Restate the lines word for word, from the first line of the records through the line containing "Vintage 90s GAP". Leave out the pictures and anything after that line.

Given entries -
========================================

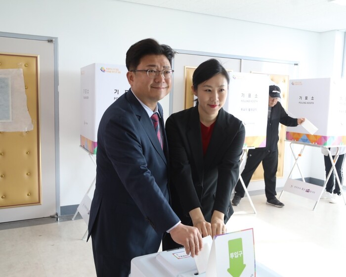 [구미=박병상 기자] 경북 구미시 국민의힘 강명구 구미(을) 국회의원 후보는 제22대 국회의원 선거 사전투표 첫날인 5일 오전 9시 구미시 강동청소년문화의집을 찾아 부부 동반 사전투표를 했다.
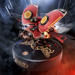 Deze originele mechanische kever is klaar voor een verkenningsvlucht – je hoeft hem alleen maar te bouwen! Tijdens het bouwen test je je vindingrijkheid, geduld en fijne motoriek. Na voltooiing kun je genieten van het vleugelgeklap en de indrukwekkende LED-verlichting, die het model een dramatische sfeer geeft en hem helpt “gevaar te ontwijken”.
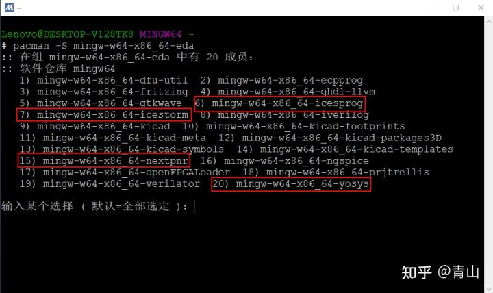 #pacman -S mingw-w64-x86_64-eda分别选择yosys、nextpnr、icestorm、icesprog软件包安装即可,亦可根据自己需求选择其他软件包安装如gtkwave, verilator等。
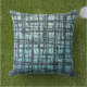 Blauwe X's en O's Pattern Black Check OutdoorPillow. Een artsy gelaagd ontwerp met onduidelijk beeld, grijzen, en zwarte tinten. Een prachtig binnenhuis- of buitendeuropening voor iedereen met een eclectische en stedelijke stijl.
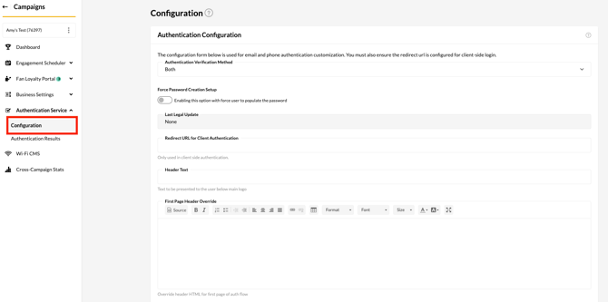 Authentication Services is set up within your campaign business accounts. This means you can have different "one-click" sign-ins for each of your businesses (if you have a different business account for each of your sponsors, for example). To access the section, enter your desired business in Campaigns, expand the Authentication Services section and click on Configuration
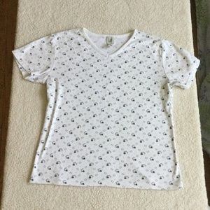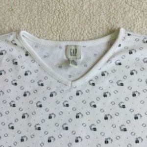 Vintage 90s GAP Floral V-neck Short Sleeve Tee Black White - Sz Medium
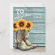 70 E Fabuloso concurso russo de girassol ocidental apresenta um design rústico de botas de cowgirl cheias de girassóis de aquarela. Personalizado editando o texto nas caixas de texto dos seus 70 e fabulosos convites de festas de aniversários 70. Criado pelo Evco Studio www.zazzle.com/store/evcostudio
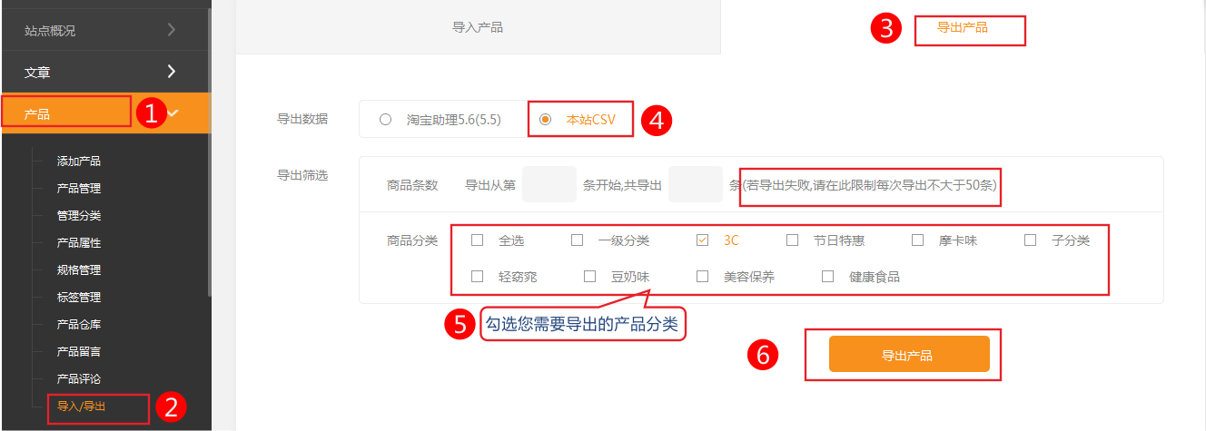 如果您已經(jīng)能夠熟練的添加復雜商品了,并且要添加的商品屬于同一個商品分類,則可以用批量上傳的方式一次性導入大量商品。本小節(jié)共包含以下幾點。通過本部分操作,您可以批量上傳具有相同商品分類的商品。確認網(wǎng)站中已經(jīng)有商品分類,及分類下有產(chǎn)品。然后選中一個此分類下的產(chǎn)品點擊批量導出,下載對應的CSV文件編輯商品分類的列的內(nèi)容編輯商品貨號的列的內(nèi)容商品圖片列的填寫編輯商品輔助信息列的內(nèi)容上傳編輯好的CSV文件并核實商品內(nèi)容注意:CSV文件可以通過Excel等軟件打開和編輯。(注意csv分隔符選擇制表符.)本操作的前提是
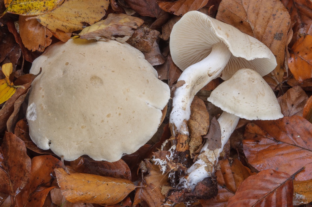 Leucocybe candicans: In der Laubstreu, Blättern aufsitzend. .

========================================

Response for this exercise -
 [구미=박병상 기자] 경북 구미시 국민의힘 강명구 구미(을) 국회의원 후보는 제22대 국회의원 선거 사전투표 첫날인 5일 오전 9시 구미시 강동청소년문화의집을 찾아 부부 동반 사전투표를 했다.
 Deze originele mechanische kever is klaar voor een verkenningsvlucht – je hoeft hem alleen maar te bouwen! Tijdens het bouwen test je je vindingrijkheid, geduld en fijne motoriek. Na voltooiing kun je genieten van het vleugelgeklap en de indrukwekkende LED-verlichting, die het model een dramatische sfeer geeft en hem helpt “gevaar te ontwijken”.
 #pacman -S mingw-w64-x86_64-eda分别选择yosys、nextpnr、icestorm、icesprog软件包安装即可,亦可根据自己需求选择其他软件包安装如gtkwave, verilator等。
 Blauwe X's en O's Pattern Black Check OutdoorPillow. Een artsy gelaagd ontwerp met onduidelijk beeld, grijzen, en zwarte tinten. Een prachtig binnenhuis- of buitendeuropening voor iedereen met een eclectische en stedelijke stijl.
 Authentication Services is set up within your campaign business accounts. This means you can have different "one-click" sign-ins for each of your businesses (if you have a different business account for each of your sponsors, for example). To access the section, enter your desired business in Campaigns, expand the Authentication Services section and click on Configuration
 Vintage 90s GAP Floral V-neck Short Sleeve Tee Black White - Sz Medium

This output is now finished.